I guess this code provides the results you need, but… still, it does exactly the same thing as my one-liner above - just in much more obscure and less performant way.

1 Like

Hi again
I actually tried the " .shuffled() " code and it worked perfectly.the reason why I said it has to be with "
Random. " was because im trying to understand its algorithm.the second code u sent I just pasted it but its not giving me any answer,now im gonna try to work on it.and BTW you were right,the condition doesnt even make sence…im new and im trying to figure things out in terms of understanding the machine language…I will let you know about the answer for this and really appreciate for the help!I do respect your time and knowledg

1 Like

Ah, ok, if you’re learning then it makes sense to do this with whatever seems the most straightforward to you. I have two suggestions for you to consider.

As you only add at the end of `myarray`, it would be probably easier to use mutable list instead of array and just add to it. You would not need to initialize it with zeroes, put elements at the right spot and most importantly: searching through array for existing items (`x !in myarray`) always checks all 10 elements, even if we only added 2 so far. List would check only these 2. However, I understand sometimes we just prefer arrays and your task can be accomplished with them.

Also, this algorithm has big performance overhead. It is not that important if there are only 10 items, but if you would like to create 1000 items then it would be significant. The problem is that when we already have 999 items and we need to find the last one, it is hard to get it by random. Each new random try requires us to iterate over 999 existing items to check whether it is unique, so If we succeed at 500th try, we have to perform 500,000 checks. Just to find the last item. You can optimize this by creating a set/list of unused items, then pick from it randomly, removing at the same time.

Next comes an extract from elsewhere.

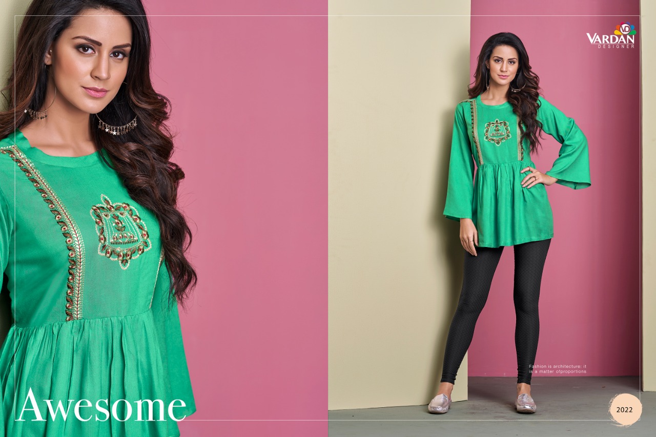 Ira Vol 2 By Vardan 2021 Series Fancy Reyon Short Kurti Collection Wholesaler Surat

I won’t provide you with a working example to not spoil the fun

Hi dear broot
I have tried new algorithm that kind of does the same as yours.here is it:
var i = 0
while (i <= 9) {
var n = Random.nextInt(1, 11)
var find = 0
for (j in 0…9) {
if (myarray[j] == n) {
find = 1
break
}
}
if (find == 0) {
myarray[i] = n
++i
}
}
myarray.forEach {
print("\$it ")
}
I know it has more code lines compare to yours,but I would appreciate if you let me know about the CONS on this one.
*****BTW I have just began learning *Collections which the im on the very first topic that is “listOf”
so im working on it and will try to write the code using your advice(operiting random numbers in a List)
thank you so much again man,I really appreciate the way you care and dedicate your valuable time for helping me.

Hi dear
I also have a general question.im not sure where you are living,but im in Iran and my wife and I we are about to move to U.S.
the only reason why I have chosen KOTLIN is im trying to learn something to search for a job in L.A.
you as an experienced programmer I want to know your opinion about the path I have chosen and please let me know if I study hard,how long do I need to be able to do some online jobs and where can I find online small project to be paid just for the begining? @broot

Well, this code seems to be correct, I don’t see any bugs Now it is time for optimization

1. Note that you don’t need to search the whole array for existing items. For example, if `i = 5` then array contains only elements `0..4`, but your `j` loop always checks all `0..9` items.
2. 8 lines of code between `var find = 0` and `if (find == 0) {` are there basically to check if an item exists in the array. This is really a very basic operation regarding collections and usually there is no need to do it manually, even for learning purposes. You can replace this whole code with simple: `if (n !in myarray) {` (but then you won’t be able to use optimization mentioned above).
3. The performance problem I mentioned earlier. Modify your code, so it takes the array size as the parameter and count how many `Random.nextInt()` you need for different sizes. You will see it is much bigger than number of items and it increases faster than linearly. This is because we need to guess remaining items randomly. Even if there is only one remaining item, we still need to find it by random. Try to create a collection of remaining items and remove from it by random - it should be much more efficient, especially for big number of items.
1 Like

I wouldn’t bet on Kotlin as a first job, no prior experience. As much as I hate to say it, something for web developement like JavaScript might make it easier to land a first job.

Also Python might be easier to learn as a first language.

1 Like